PROVIDED MATERIAL>
-------
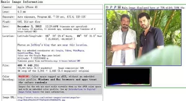 原来,《VICE》杂志无意中透露了该图片的Exif参数。通过数据,警察发现照片中McAfee所在的位置是危地马拉某处。
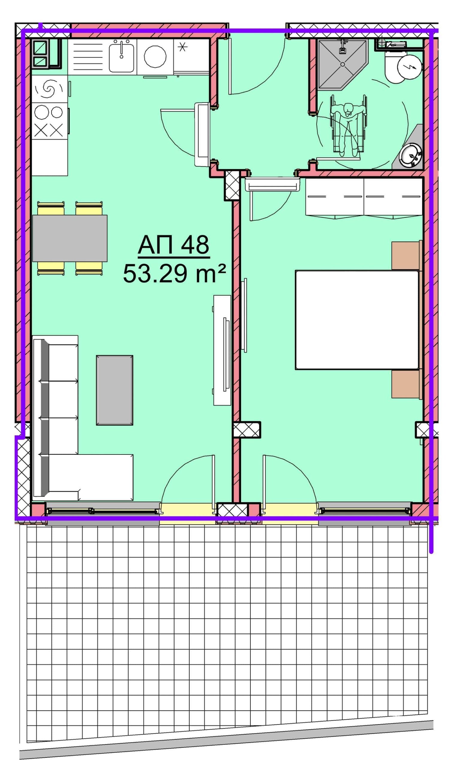 Апартамент- Дневна с кухненски бокс, спалня, баня с тоалетна, коридор и двор
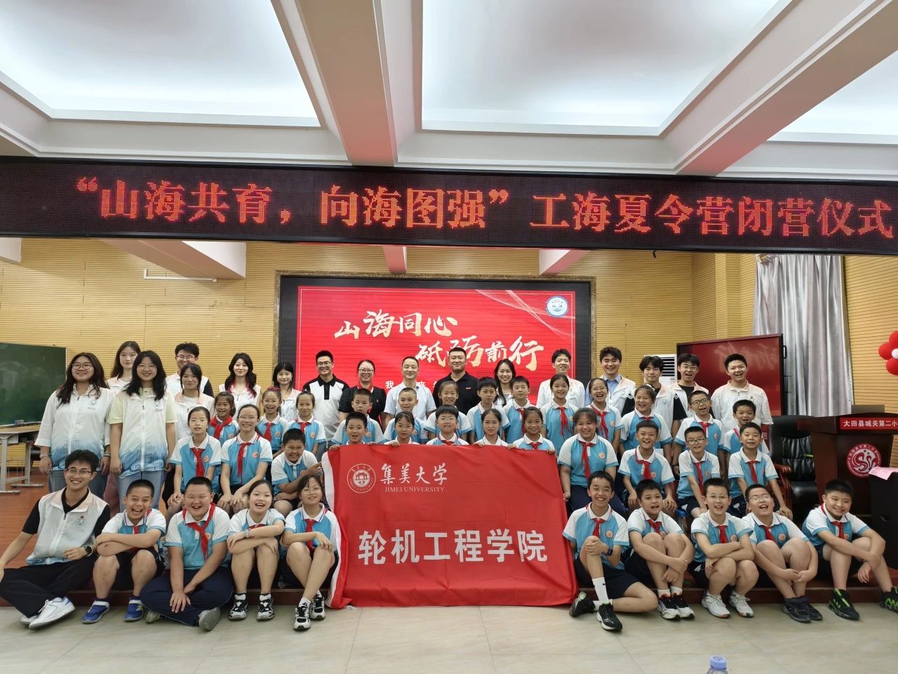 集美大学轮机工程学院“工”行山海实践队赴大田县开展“山海共育,向海图强”夏令营,将跨越126公里的“山海情”隽永绵延。通过实践工海科技课程与“护海知行”课堂将嘉庚精神的薪火相传与海洋振兴的科技探索深度融合,为“山”的孩子,传递“海”的梦想。在别开生面的主题团课上传承嘉庚精神,根植“向海图强,忠公报国”的信念。
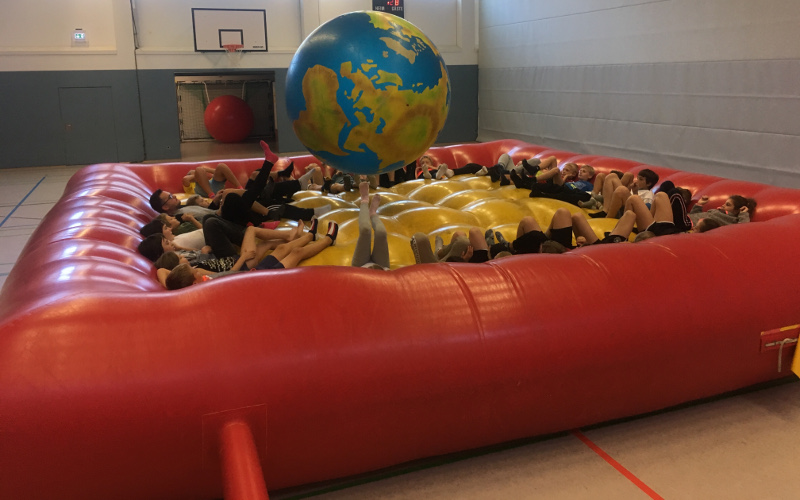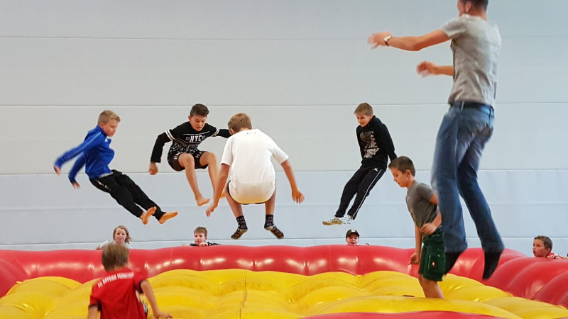 Nach dem Mittagessen wurde erstmal das Gelände in Form einer Camprallye erkundet. Anschließend ging es auch schon zu den ersten Spielen, die den sportlichen Teamgeist im Fokus hatten. So galt es zum Beispiel beim AirTramp einen Riesenball mit den Füßen ins gegnerische Aus zu befördern oder beim Biathlon Ausdauer beim Laufen und Geschick beim Schießen mit dem Lasergewehr unter Beweis zu stellen. Nach so viel sportlicher Betätigung hat das Essen anschließend besonders gut geschmeckt. Doch der erste Abend hielt noch eine weitere Überraschung bereit. Aufgeteilt in Teams von 8 – 12 SchülerInnen fand nach dem Abendessen das große „Spiel ohne Grenzen“ statt. An verschiedenen kreativen Stationen konnten alle SchülerInnen aller Schulen des Camps nochmals ihre Geschicklichkeit und Sportlichkeit unter Beweis stellen.
-------
WORK REQUEST> Copy out every line of the material above exactly, skipping the pictures.

TASK RESPONSE>
 原来,《VICE》杂志无意中透露了该图片的Exif参数。通过数据,警察发现照片中McAfee所在的位置是危地马拉某处。
 Апартамент- Дневна с кухненски бокс, спалня, баня с тоалетна, коридор и двор
 集美大学轮机工程学院“工”行山海实践队赴大田县开展“山海共育,向海图强”夏令营,将跨越126公里的“山海情”隽永绵延。通过实践工海科技课程与“护海知行”课堂将嘉庚精神的薪火相传与海洋振兴的科技探索深度融合,为“山”的孩子,传递“海”的梦想。在别开生面的主题团课上传承嘉庚精神,根植“向海图强,忠公报国”的信念。
 Nach dem Mittagessen wurde erstmal das Gelände in Form einer Camprallye erkundet. Anschließend ging es auch schon zu den ersten Spielen, die den sportlichen Teamgeist im Fokus hatten. So galt es zum Beispiel beim AirTramp einen Riesenball mit den Füßen ins gegnerische Aus zu befördern oder beim Biathlon Ausdauer beim Laufen und Geschick beim Schießen mit dem Lasergewehr unter Beweis zu stellen. Nach so viel sportlicher Betätigung hat das Essen anschließend besonders gut geschmeckt. Doch der erste Abend hielt noch eine weitere Überraschung bereit. Aufgeteilt in Teams von 8 – 12 SchülerInnen fand nach dem Abendessen das große „Spiel ohne Grenzen“ statt. An verschiedenen kreativen Stationen konnten alle SchülerInnen aller Schulen des Camps nochmals ihre Geschicklichkeit und Sportlichkeit unter Beweis stellen.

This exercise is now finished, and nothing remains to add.